• _Raw data_
/---

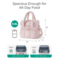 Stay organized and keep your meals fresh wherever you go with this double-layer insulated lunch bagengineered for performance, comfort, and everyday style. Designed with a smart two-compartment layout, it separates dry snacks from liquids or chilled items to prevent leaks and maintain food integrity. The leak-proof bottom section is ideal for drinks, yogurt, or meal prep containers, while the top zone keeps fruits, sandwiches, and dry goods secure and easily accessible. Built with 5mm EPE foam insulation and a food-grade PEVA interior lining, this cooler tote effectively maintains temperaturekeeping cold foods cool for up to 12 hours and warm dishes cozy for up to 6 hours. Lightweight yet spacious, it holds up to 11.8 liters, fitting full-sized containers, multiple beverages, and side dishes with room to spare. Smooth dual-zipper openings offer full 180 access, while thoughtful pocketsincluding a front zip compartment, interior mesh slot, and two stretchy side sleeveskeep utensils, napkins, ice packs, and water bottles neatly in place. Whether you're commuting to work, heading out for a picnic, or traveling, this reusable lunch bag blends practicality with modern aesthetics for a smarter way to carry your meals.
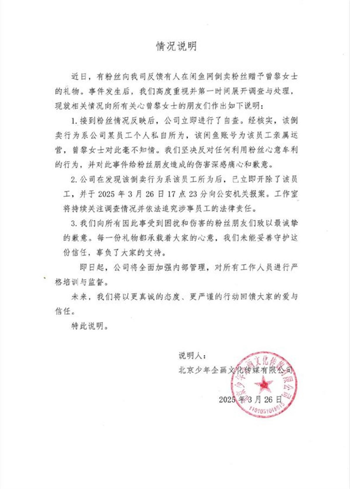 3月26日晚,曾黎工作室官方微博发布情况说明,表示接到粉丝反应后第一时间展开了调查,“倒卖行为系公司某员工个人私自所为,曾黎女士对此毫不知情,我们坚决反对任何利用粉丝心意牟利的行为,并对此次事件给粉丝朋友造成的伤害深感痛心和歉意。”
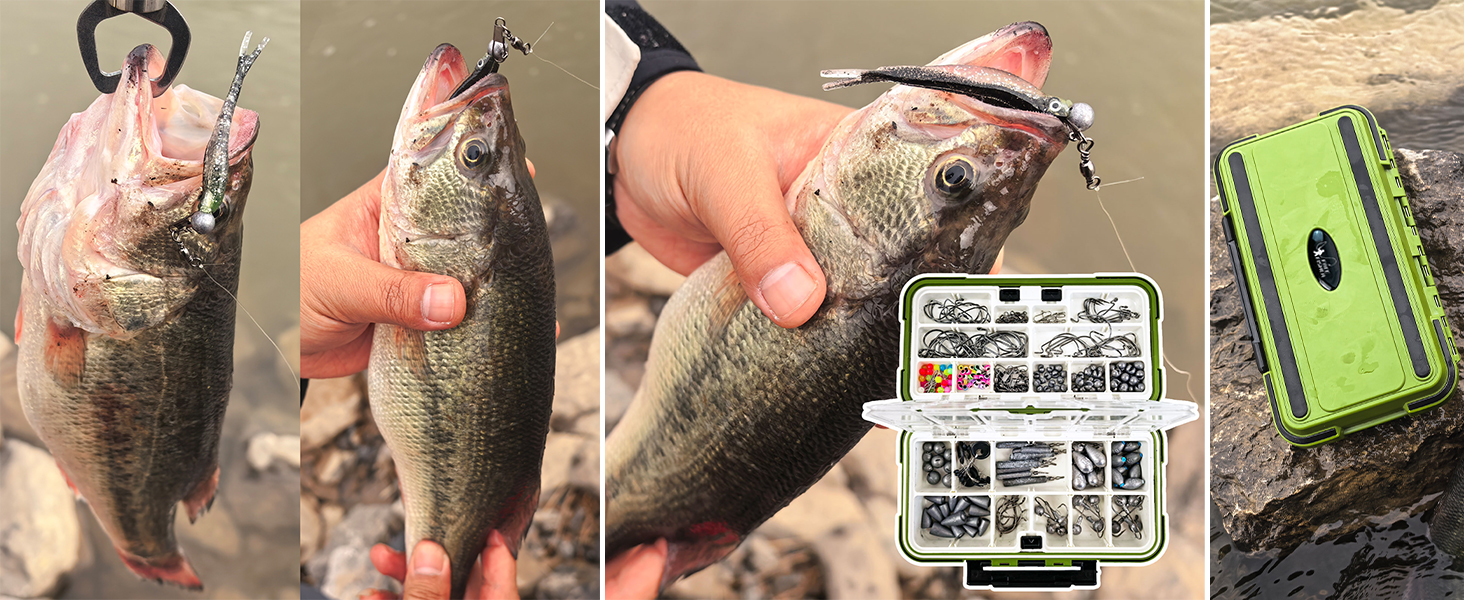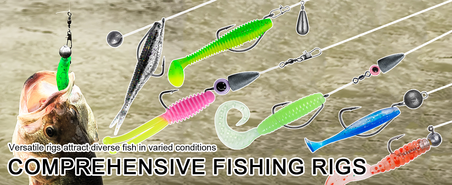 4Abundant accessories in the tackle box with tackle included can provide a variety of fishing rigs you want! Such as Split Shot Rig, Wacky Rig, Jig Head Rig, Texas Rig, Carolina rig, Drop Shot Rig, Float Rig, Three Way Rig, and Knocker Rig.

\---

• _Exercise requirements_
Transcribe every line from the one containing "3月26日晚,曾黎工作室官方" to the end of the listing, exactly and exclusively. Do not carry any picture over.

• _Final answer_
 3月26日晚,曾黎工作室官方微博发布情况说明,表示接到粉丝反应后第一时间展开了调查,“倒卖行为系公司某员工个人私自所为,曾黎女士对此毫不知情,我们坚决反对任何利用粉丝心意牟利的行为,并对此次事件给粉丝朋友造成的伤害深感痛心和歉意。”
 4Abundant accessories in the tackle box with tackle included can provide a variety of fishing rigs you want! Such as Split Shot Rig, Wacky Rig, Jig Head Rig, Texas Rig, Carolina rig, Drop Shot Rig, Float Rig, Three Way Rig, and Knocker Rig.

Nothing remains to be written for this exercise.